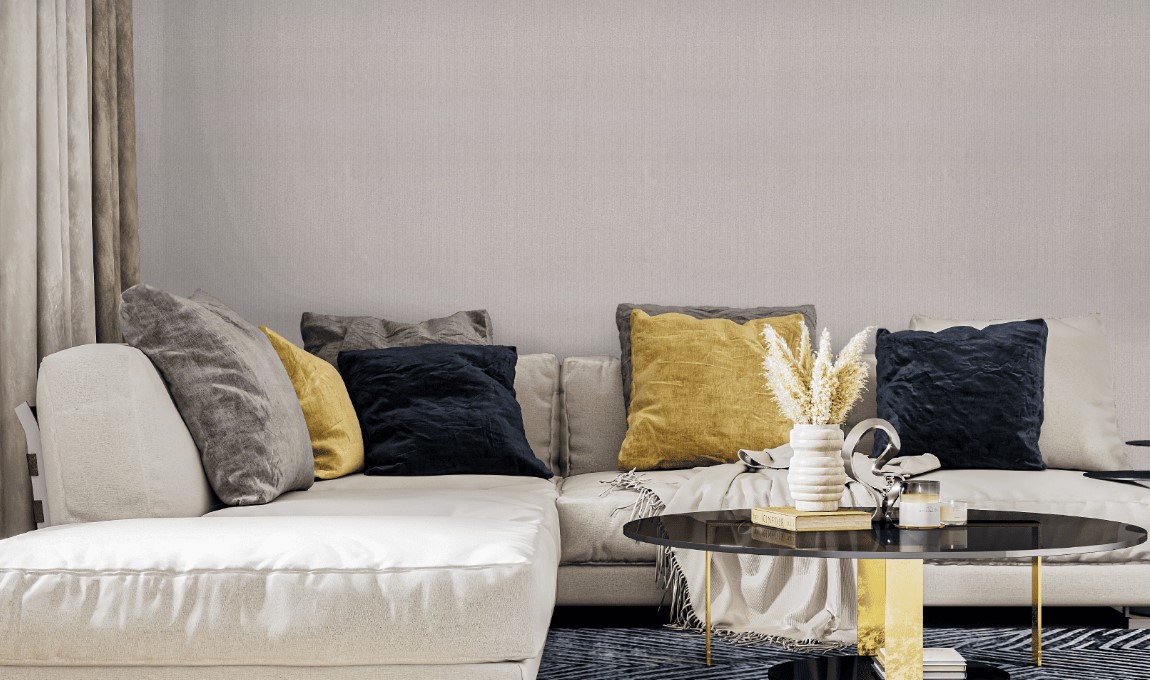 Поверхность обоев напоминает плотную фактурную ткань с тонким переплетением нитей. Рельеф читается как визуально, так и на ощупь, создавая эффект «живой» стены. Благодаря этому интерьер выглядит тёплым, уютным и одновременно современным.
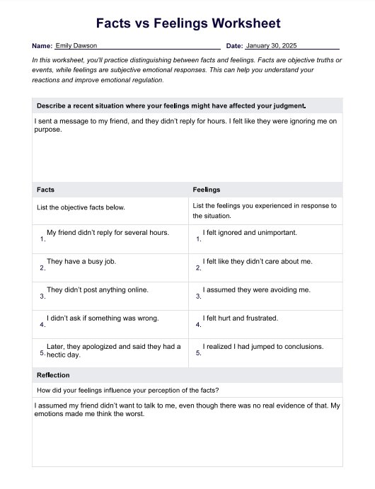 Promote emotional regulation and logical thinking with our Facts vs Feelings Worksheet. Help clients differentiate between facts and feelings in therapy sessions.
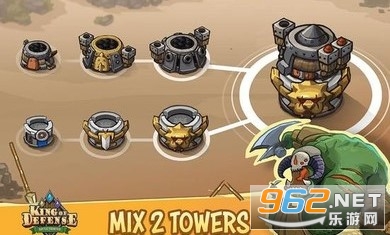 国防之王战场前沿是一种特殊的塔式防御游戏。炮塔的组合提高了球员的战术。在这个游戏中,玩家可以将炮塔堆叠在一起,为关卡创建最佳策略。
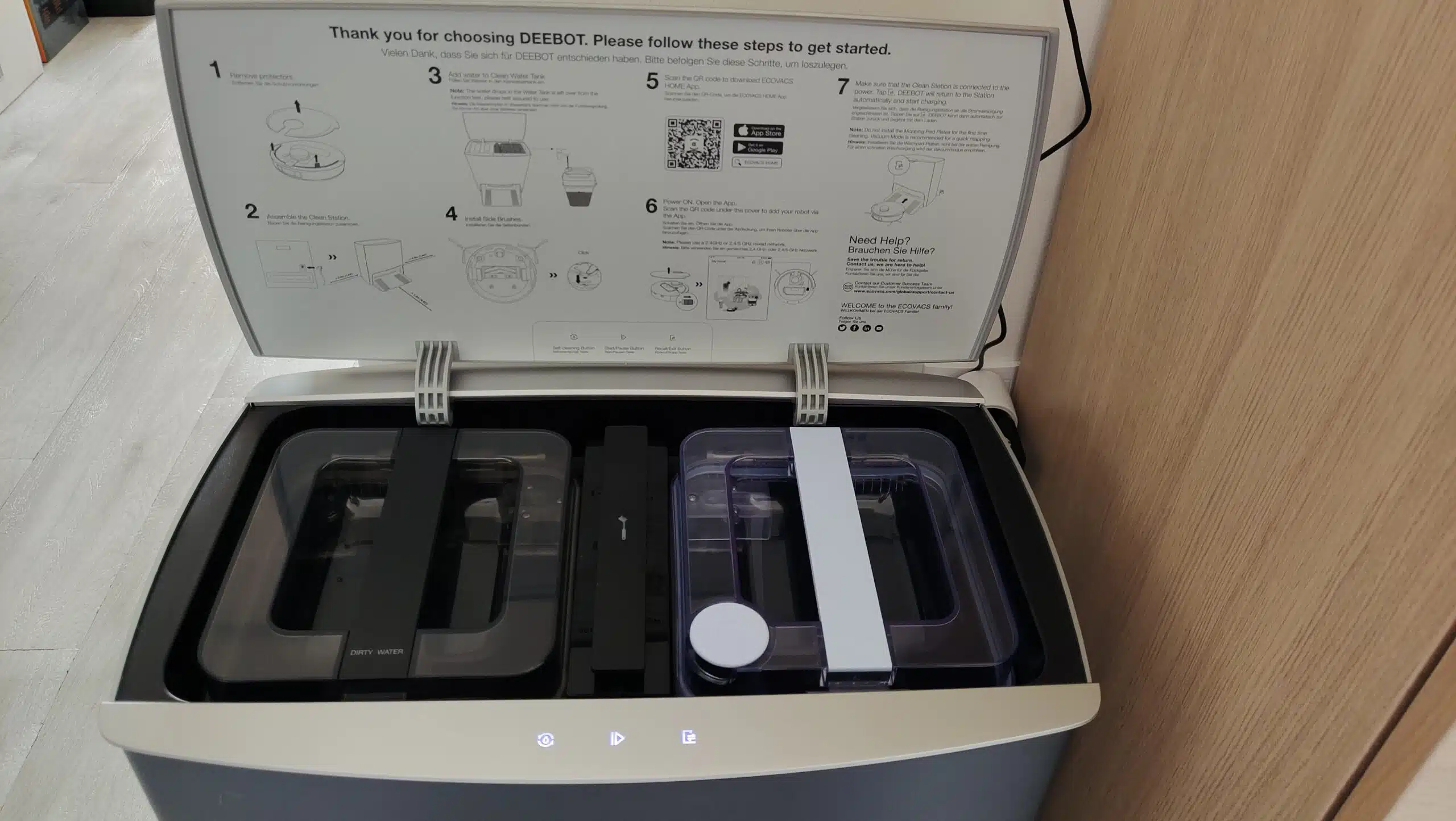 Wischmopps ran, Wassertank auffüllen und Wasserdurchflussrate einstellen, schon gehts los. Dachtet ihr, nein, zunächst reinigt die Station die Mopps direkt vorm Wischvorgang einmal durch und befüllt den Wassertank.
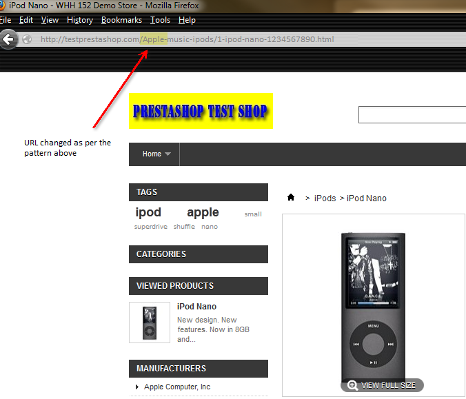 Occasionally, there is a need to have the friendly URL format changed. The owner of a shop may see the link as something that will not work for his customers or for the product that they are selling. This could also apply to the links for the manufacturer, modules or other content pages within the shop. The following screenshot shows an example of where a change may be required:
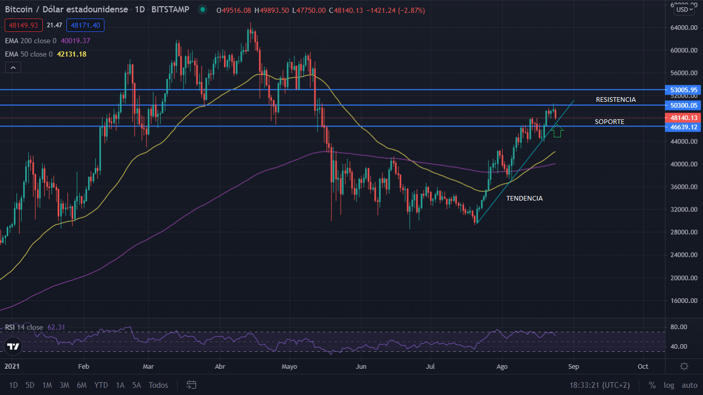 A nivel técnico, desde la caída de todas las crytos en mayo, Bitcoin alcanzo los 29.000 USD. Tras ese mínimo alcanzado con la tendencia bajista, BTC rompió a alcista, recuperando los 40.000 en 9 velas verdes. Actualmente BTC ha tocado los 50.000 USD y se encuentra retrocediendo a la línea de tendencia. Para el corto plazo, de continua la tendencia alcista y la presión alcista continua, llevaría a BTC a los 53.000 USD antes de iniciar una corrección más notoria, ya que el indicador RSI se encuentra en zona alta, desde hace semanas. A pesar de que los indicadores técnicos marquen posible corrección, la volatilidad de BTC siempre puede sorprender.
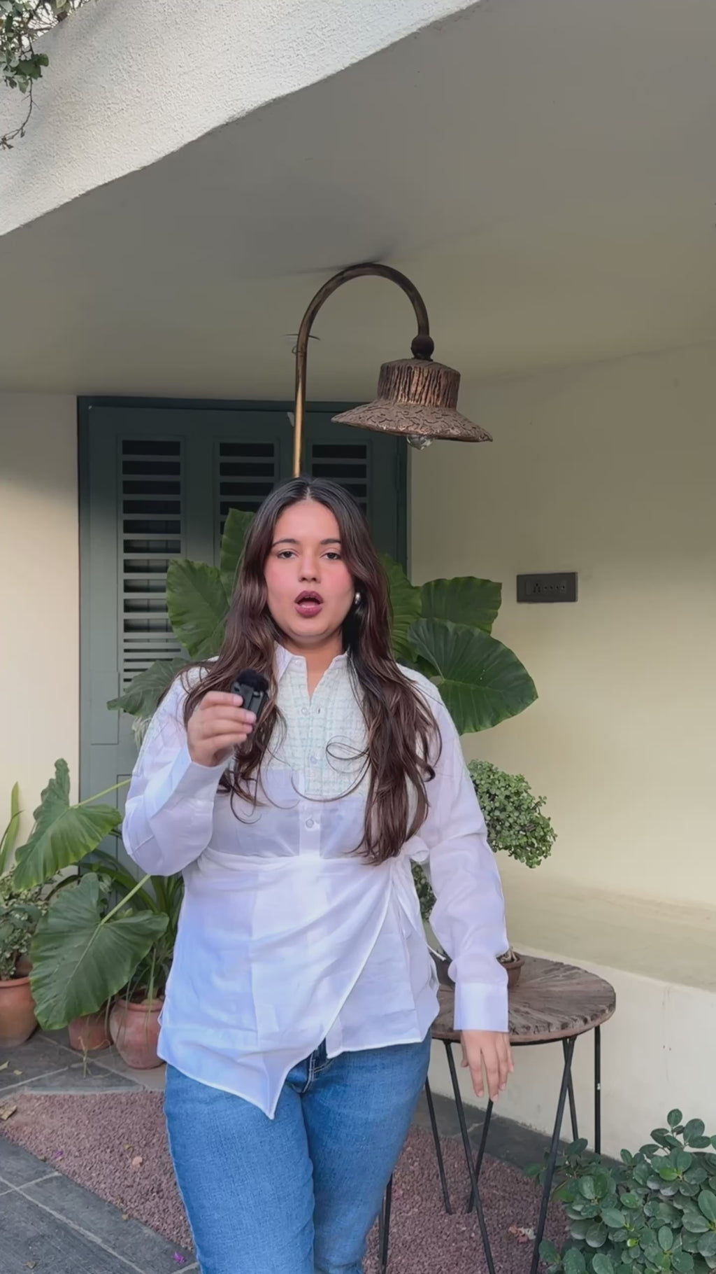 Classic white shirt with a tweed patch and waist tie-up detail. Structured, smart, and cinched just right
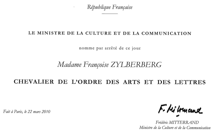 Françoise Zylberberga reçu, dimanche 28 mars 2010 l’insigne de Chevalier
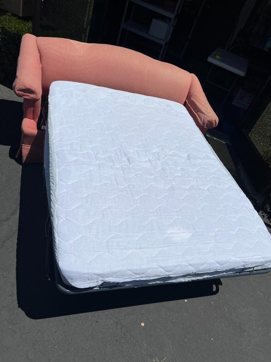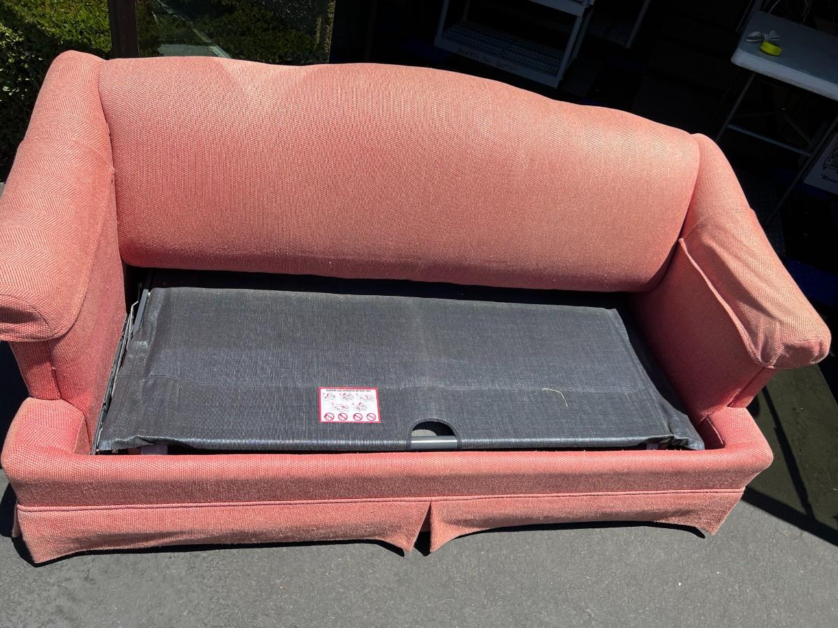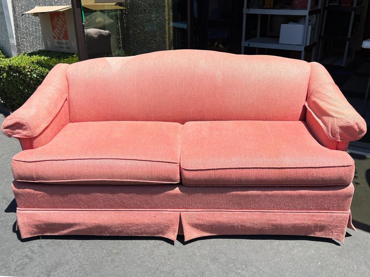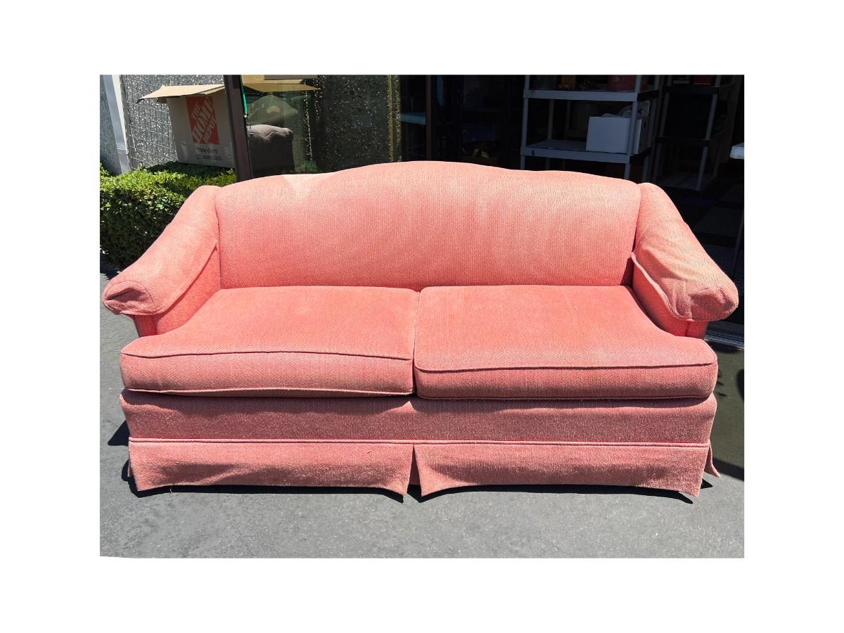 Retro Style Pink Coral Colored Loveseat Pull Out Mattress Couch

────────

### Instructions to follow
Retype precisely, and only, the lines from the one holding "Classic white shirt" through the final line of the data above, with the pictures omitted.

### Completed task
 Classic white shirt with a tweed patch and waist tie-up detail. Structured, smart, and cinched just right
 Françoise Zylberberga reçu, dimanche 28 mars 2010 l’insigne de Chevalier
 Retro Style Pink Coral Colored Loveseat Pull Out Mattress Couch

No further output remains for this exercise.